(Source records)
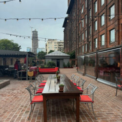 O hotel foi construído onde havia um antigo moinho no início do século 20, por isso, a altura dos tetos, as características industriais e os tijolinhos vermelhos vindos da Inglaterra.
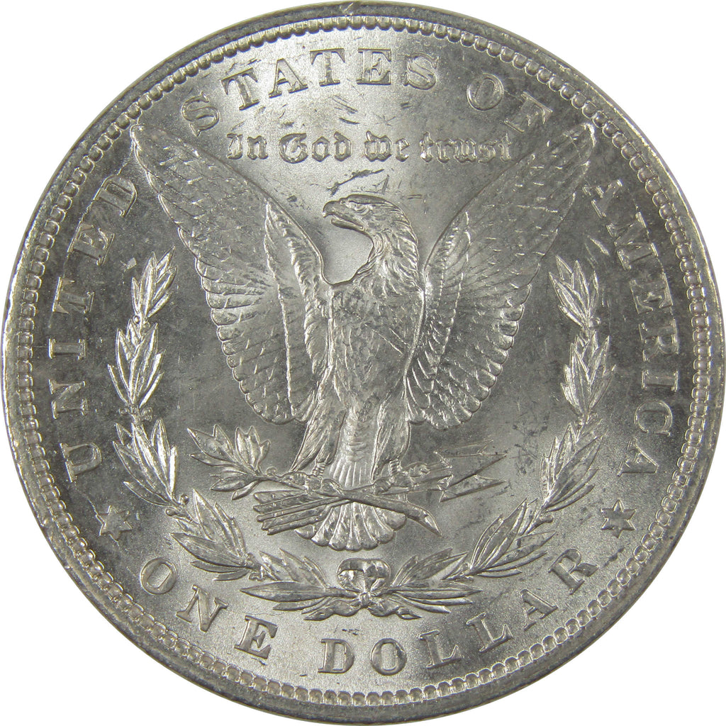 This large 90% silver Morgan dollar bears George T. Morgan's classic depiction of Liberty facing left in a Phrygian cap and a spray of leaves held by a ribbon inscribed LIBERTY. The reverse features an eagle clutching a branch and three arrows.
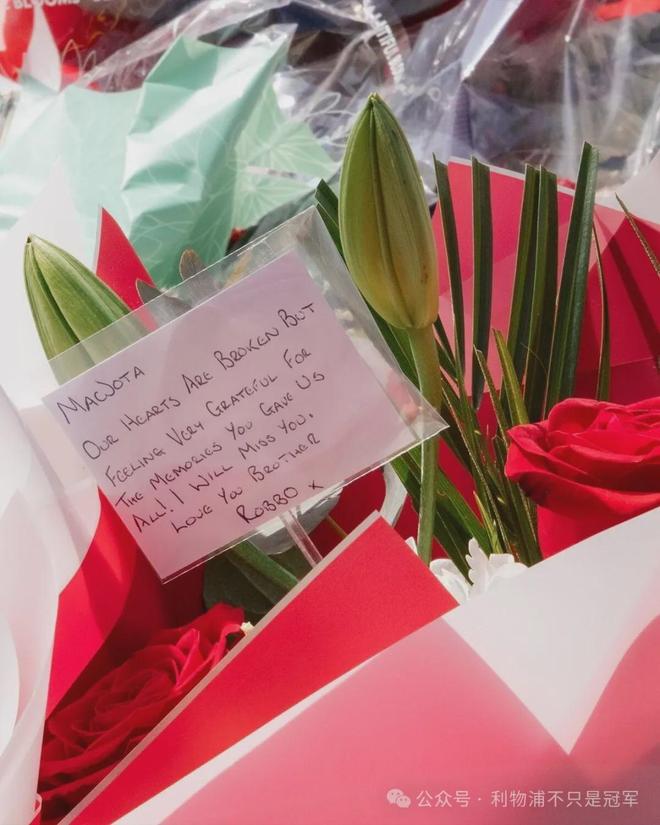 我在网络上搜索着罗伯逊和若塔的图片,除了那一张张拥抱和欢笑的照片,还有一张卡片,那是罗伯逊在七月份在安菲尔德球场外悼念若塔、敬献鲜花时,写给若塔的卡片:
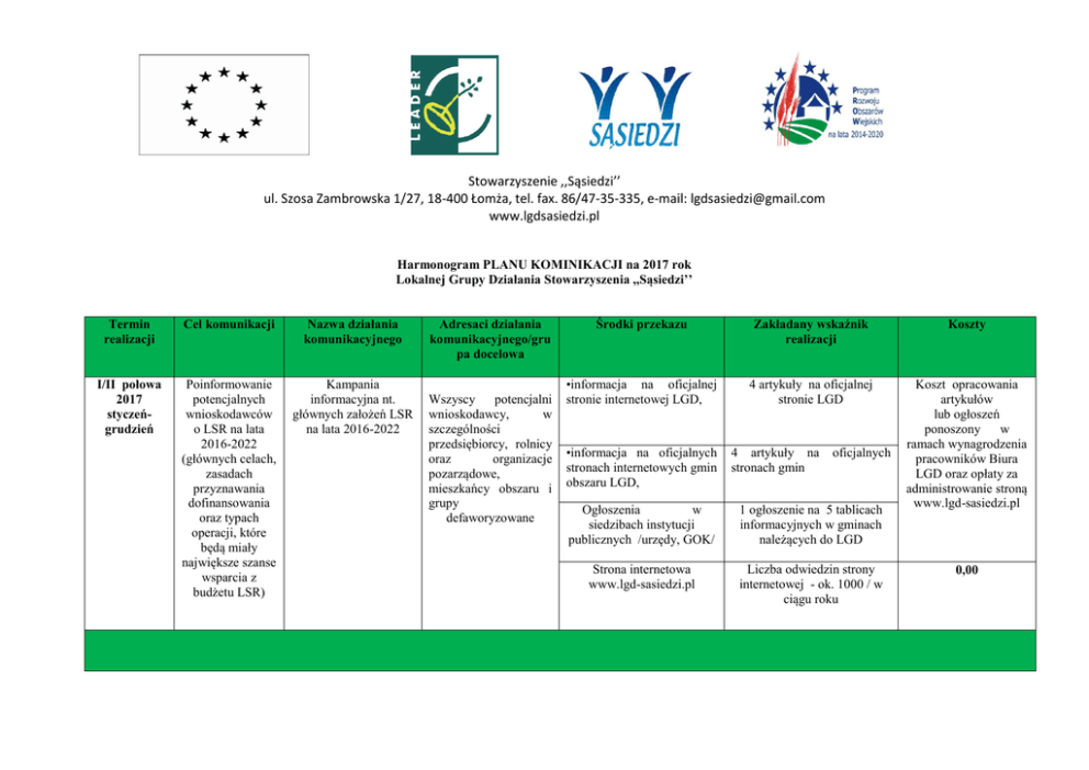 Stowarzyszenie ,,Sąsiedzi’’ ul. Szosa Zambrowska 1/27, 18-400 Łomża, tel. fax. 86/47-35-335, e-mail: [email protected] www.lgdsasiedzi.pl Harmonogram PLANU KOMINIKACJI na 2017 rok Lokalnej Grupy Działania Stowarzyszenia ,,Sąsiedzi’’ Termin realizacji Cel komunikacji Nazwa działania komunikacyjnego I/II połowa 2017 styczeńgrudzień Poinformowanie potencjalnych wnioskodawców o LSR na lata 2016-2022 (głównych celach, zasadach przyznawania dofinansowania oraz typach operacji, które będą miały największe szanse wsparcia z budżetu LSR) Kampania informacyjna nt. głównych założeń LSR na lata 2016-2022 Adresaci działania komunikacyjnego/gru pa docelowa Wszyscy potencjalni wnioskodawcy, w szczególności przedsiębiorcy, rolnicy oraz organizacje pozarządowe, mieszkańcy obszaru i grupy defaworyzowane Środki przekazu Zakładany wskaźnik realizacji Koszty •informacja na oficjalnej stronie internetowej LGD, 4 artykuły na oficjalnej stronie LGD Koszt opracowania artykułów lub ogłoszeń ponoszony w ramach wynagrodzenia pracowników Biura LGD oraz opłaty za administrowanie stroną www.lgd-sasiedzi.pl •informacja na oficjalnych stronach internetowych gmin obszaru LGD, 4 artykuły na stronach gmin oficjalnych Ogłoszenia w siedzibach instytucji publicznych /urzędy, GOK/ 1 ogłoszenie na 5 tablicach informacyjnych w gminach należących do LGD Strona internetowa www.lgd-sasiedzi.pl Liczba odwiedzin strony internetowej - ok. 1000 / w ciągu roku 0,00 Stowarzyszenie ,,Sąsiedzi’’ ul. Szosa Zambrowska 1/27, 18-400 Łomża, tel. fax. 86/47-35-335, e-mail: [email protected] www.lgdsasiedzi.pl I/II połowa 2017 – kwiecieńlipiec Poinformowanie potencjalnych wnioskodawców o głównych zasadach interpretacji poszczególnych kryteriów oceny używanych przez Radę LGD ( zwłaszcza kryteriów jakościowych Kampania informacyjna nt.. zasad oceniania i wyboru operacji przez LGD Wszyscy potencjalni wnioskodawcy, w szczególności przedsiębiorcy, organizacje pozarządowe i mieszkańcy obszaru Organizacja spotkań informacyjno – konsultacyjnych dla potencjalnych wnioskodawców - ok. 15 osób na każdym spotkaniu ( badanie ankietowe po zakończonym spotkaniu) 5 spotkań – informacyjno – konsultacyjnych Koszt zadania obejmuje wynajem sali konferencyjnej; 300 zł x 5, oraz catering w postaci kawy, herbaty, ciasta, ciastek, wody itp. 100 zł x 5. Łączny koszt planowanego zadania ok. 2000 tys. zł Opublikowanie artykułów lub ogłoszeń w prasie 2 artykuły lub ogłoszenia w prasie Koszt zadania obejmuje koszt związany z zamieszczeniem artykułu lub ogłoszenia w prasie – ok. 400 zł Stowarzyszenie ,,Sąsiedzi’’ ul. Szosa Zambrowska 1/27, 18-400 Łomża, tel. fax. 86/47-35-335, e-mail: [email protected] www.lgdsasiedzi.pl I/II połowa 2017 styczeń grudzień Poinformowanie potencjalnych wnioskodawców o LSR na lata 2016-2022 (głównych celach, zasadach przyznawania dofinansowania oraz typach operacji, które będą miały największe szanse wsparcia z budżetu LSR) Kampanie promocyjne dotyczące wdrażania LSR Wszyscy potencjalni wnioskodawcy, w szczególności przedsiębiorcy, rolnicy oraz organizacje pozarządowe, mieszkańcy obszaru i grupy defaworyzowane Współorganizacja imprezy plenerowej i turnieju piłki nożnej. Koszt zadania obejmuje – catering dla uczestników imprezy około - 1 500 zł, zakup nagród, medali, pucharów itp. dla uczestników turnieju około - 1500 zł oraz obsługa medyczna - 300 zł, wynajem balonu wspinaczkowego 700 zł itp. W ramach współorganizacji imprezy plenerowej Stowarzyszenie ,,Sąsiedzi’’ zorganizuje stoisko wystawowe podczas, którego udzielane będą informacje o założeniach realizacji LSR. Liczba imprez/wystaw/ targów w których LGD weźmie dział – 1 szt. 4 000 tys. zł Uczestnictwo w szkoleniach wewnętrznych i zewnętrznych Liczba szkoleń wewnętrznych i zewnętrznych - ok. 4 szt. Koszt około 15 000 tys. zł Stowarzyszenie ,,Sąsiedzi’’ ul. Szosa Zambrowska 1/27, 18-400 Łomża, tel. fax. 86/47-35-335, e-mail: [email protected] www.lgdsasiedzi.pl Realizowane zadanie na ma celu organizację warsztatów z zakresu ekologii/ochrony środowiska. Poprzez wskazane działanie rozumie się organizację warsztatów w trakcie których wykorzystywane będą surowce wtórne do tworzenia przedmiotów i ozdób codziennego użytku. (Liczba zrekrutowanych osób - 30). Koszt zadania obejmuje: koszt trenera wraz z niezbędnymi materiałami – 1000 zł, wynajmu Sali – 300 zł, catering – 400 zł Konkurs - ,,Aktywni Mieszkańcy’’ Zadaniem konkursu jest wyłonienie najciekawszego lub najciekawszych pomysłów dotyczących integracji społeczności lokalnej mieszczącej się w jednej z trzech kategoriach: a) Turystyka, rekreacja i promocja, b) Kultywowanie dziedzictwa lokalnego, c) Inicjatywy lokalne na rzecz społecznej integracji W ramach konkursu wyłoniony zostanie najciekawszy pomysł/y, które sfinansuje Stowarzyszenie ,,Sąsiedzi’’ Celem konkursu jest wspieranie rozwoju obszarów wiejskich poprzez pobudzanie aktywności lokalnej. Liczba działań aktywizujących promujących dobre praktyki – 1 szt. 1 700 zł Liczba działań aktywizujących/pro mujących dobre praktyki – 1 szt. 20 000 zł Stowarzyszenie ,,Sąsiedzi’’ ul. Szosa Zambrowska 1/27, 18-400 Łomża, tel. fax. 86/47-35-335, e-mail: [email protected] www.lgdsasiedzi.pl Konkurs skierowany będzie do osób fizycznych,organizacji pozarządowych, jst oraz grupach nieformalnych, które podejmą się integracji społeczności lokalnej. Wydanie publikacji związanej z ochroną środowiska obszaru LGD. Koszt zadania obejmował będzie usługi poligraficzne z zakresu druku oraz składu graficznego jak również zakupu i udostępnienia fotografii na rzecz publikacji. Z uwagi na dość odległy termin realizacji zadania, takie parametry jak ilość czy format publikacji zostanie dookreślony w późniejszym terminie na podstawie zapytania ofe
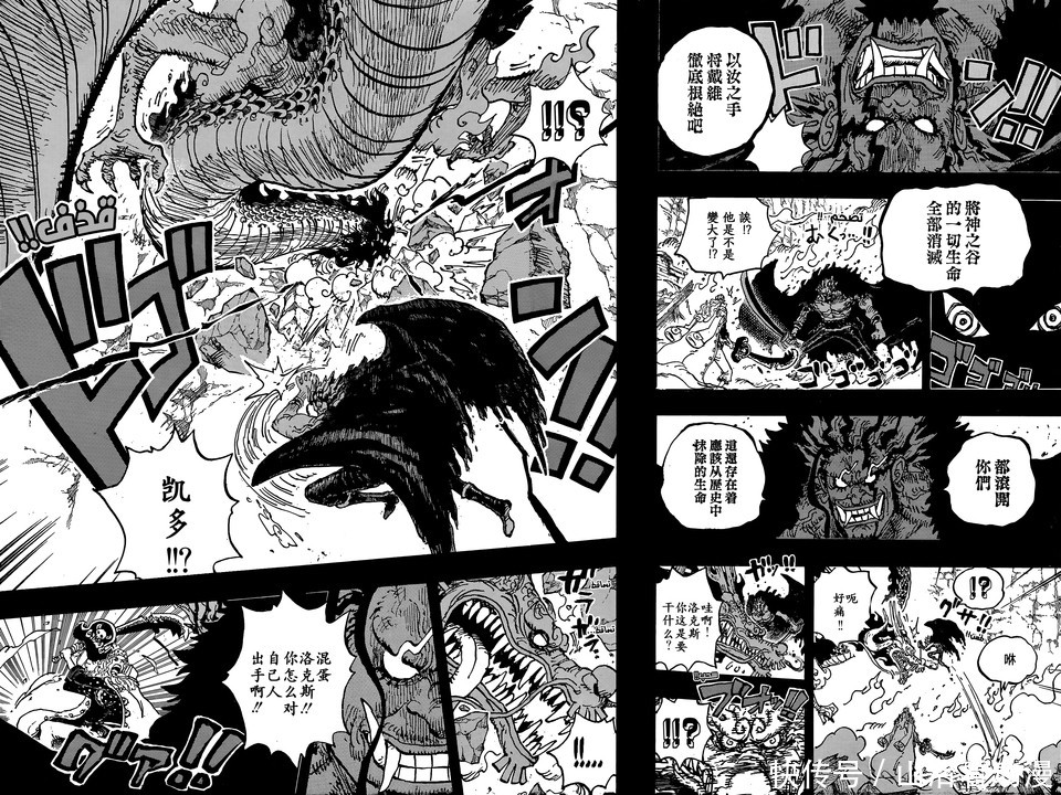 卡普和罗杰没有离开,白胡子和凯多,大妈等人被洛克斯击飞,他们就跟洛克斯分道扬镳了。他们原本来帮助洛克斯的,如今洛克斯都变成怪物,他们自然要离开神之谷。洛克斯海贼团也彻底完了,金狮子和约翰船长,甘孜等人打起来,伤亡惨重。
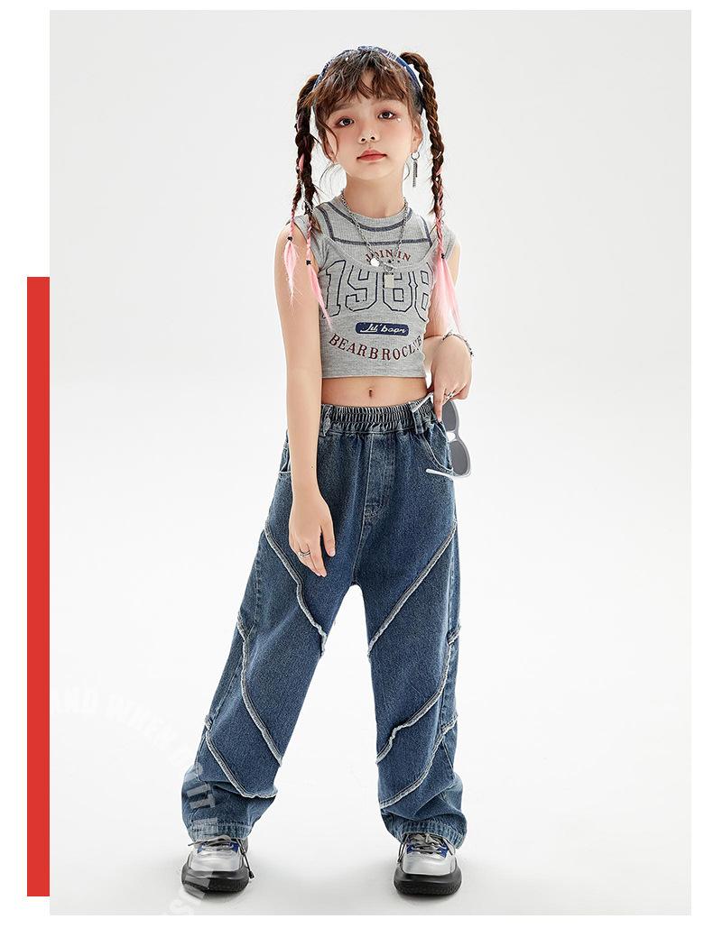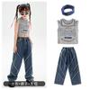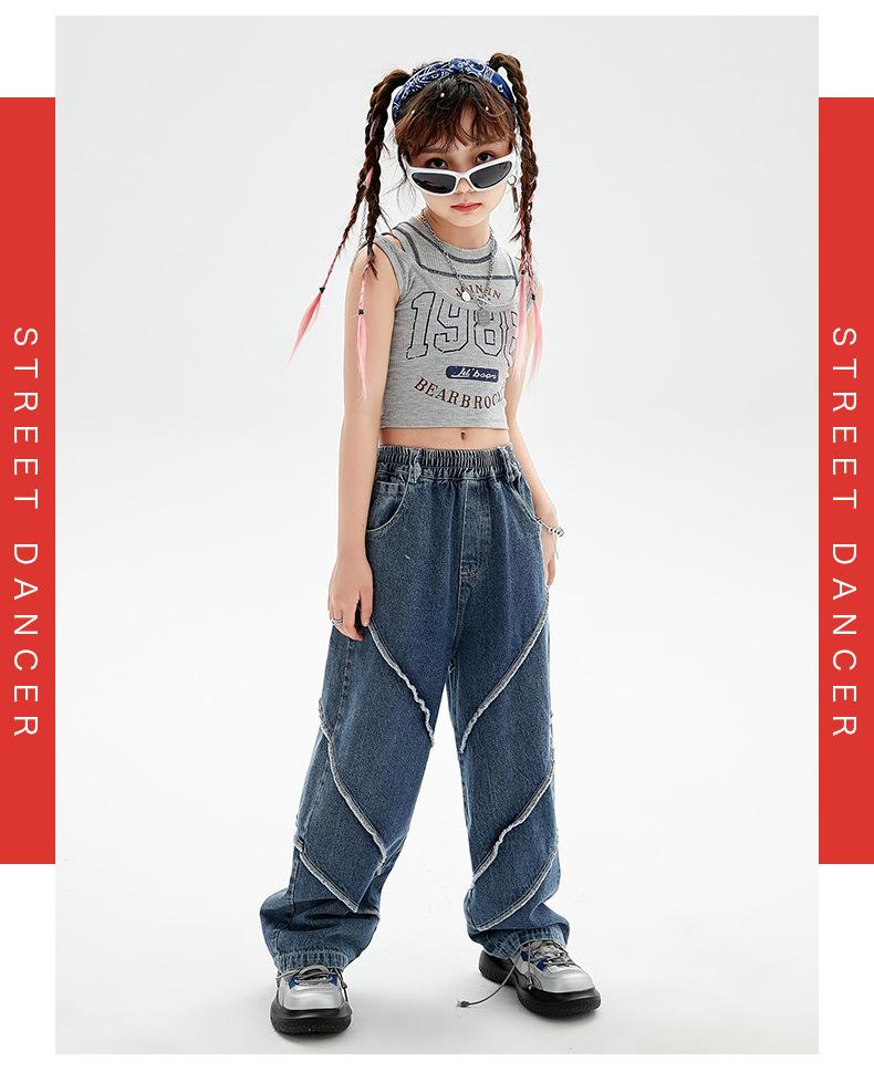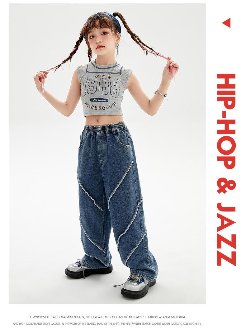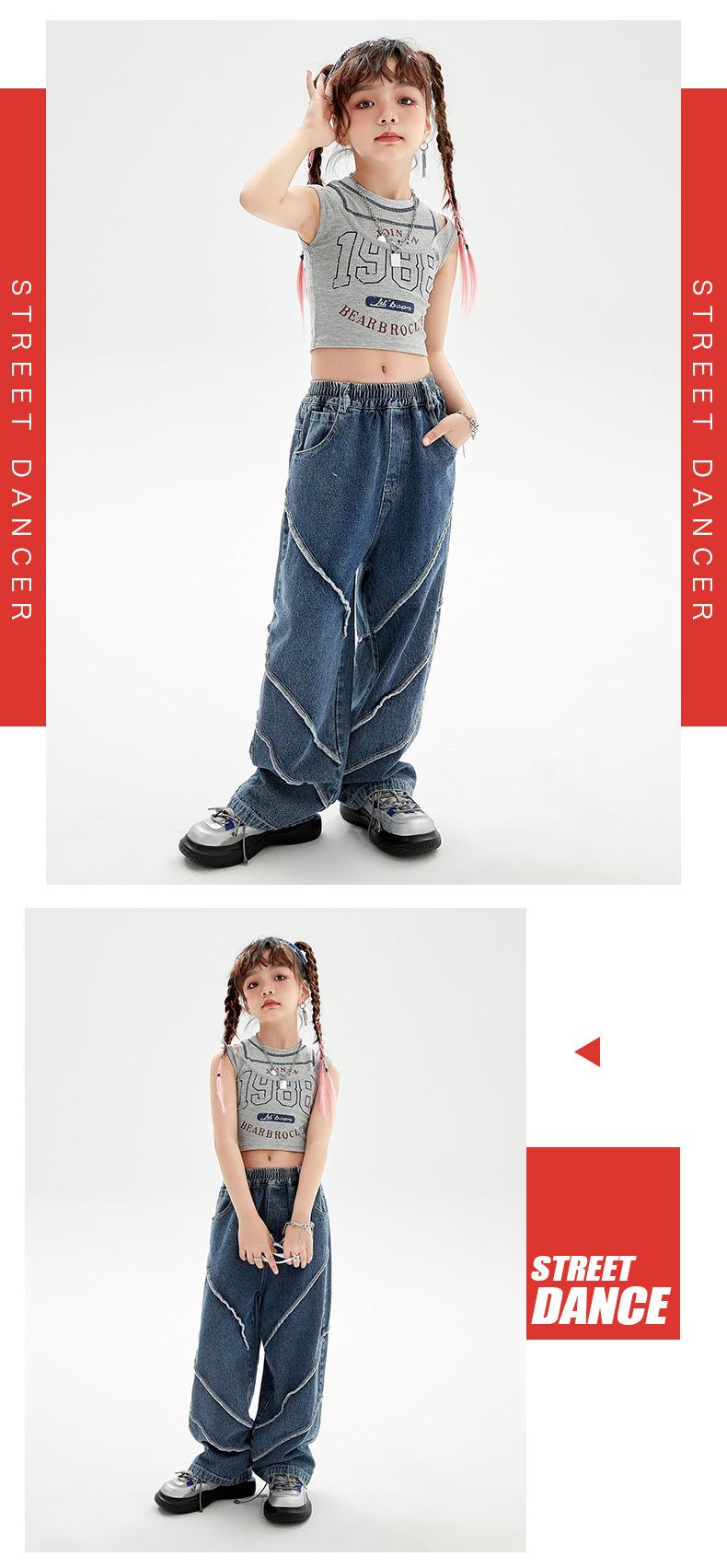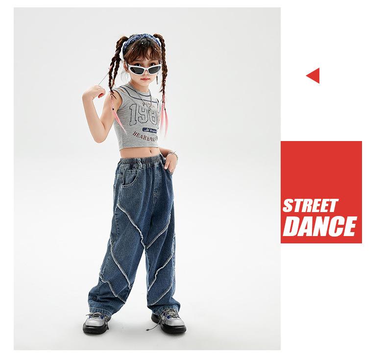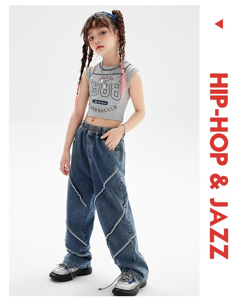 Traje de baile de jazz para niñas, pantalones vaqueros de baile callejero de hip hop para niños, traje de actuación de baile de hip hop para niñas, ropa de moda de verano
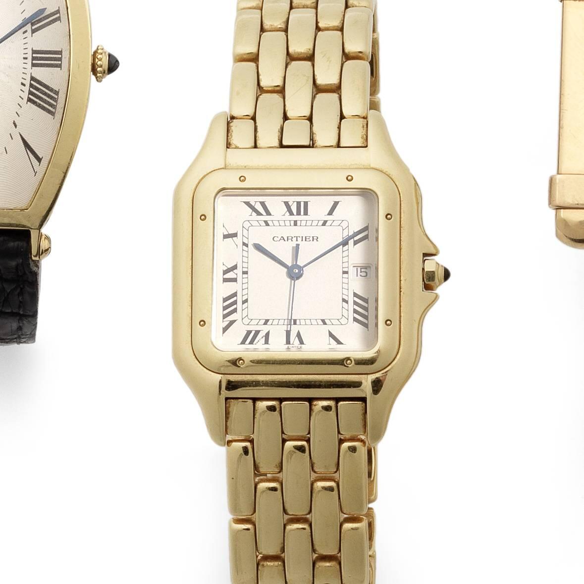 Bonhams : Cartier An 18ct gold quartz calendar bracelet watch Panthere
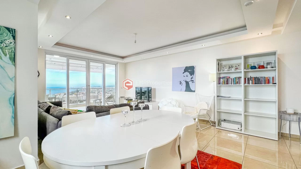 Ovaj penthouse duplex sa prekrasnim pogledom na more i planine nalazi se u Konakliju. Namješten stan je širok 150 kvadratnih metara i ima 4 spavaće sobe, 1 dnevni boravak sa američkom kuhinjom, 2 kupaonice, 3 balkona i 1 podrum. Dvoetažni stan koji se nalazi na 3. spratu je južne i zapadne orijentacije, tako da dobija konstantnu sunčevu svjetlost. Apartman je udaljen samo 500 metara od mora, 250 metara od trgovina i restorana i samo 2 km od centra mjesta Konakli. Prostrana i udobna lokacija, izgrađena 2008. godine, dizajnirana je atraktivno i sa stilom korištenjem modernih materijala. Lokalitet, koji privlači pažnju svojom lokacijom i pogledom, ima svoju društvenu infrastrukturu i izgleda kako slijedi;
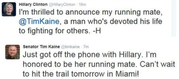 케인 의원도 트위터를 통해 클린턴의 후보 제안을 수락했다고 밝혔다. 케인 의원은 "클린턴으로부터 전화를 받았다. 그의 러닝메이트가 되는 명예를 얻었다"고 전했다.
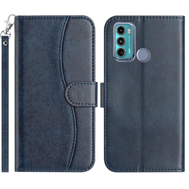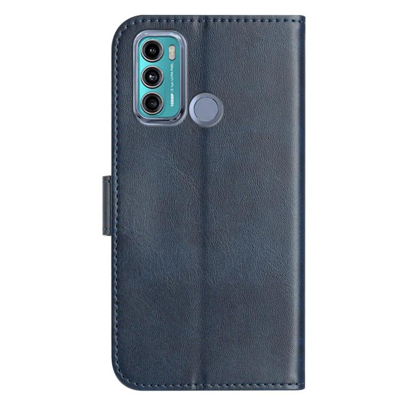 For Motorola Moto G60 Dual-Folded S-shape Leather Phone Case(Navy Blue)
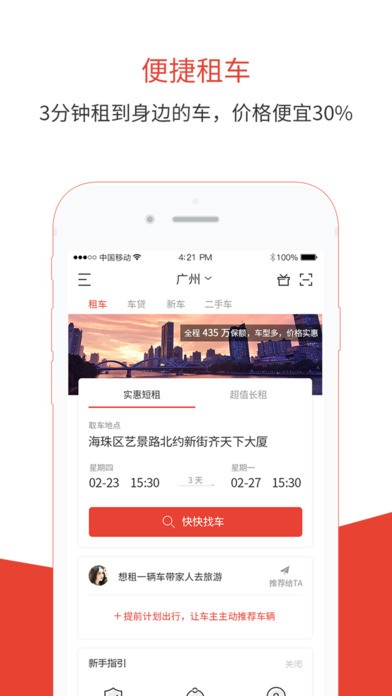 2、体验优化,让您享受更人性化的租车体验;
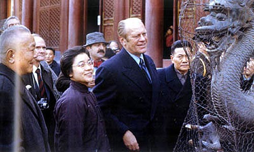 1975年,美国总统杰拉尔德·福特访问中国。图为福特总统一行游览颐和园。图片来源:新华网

TASK STATEMENT –
Once the line containing "2、体验优化,让您享受更人性化的租车体验;" is found, transcribe it and every line after it to the end of the records, exactly and with no pictures.

SOLUTION BELOW –
 2、体验优化,让您享受更人性化的租车体验;
 1975年,美国总统杰拉尔德·福特访问中国。图为福特总统一行游览颐和园。图片来源:新华网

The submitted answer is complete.